> [What is expected] Once the line with "Besancenot Olivier , en" is found in the entries below, repeat it and each following line exactly, up to and including the line with "シリコン 汎用 t2794". Add no other lines.

Listed records section start

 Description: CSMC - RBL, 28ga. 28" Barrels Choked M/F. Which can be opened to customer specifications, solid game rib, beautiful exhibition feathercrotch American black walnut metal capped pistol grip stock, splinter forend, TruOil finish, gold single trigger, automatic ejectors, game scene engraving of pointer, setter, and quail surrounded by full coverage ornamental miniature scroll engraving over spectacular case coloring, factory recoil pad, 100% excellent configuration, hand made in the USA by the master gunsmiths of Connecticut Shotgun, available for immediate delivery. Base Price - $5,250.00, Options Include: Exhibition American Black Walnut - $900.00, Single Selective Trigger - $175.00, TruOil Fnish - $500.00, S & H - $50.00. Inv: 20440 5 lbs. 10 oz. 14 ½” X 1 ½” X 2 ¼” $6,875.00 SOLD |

Listed records section end
Listed records section start

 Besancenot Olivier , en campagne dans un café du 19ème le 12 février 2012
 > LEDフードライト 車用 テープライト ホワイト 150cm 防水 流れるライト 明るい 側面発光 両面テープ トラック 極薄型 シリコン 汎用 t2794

Listed records section end

> [Written answer]
 Besancenot Olivier , en campagne dans un café du 19ème le 12 février 2012
 > LEDフードライト 車用 テープライト ホワイト 150cm 防水 流れるライト 明るい 側面発光 両面テープ トラック 極薄型 シリコン 汎用 t2794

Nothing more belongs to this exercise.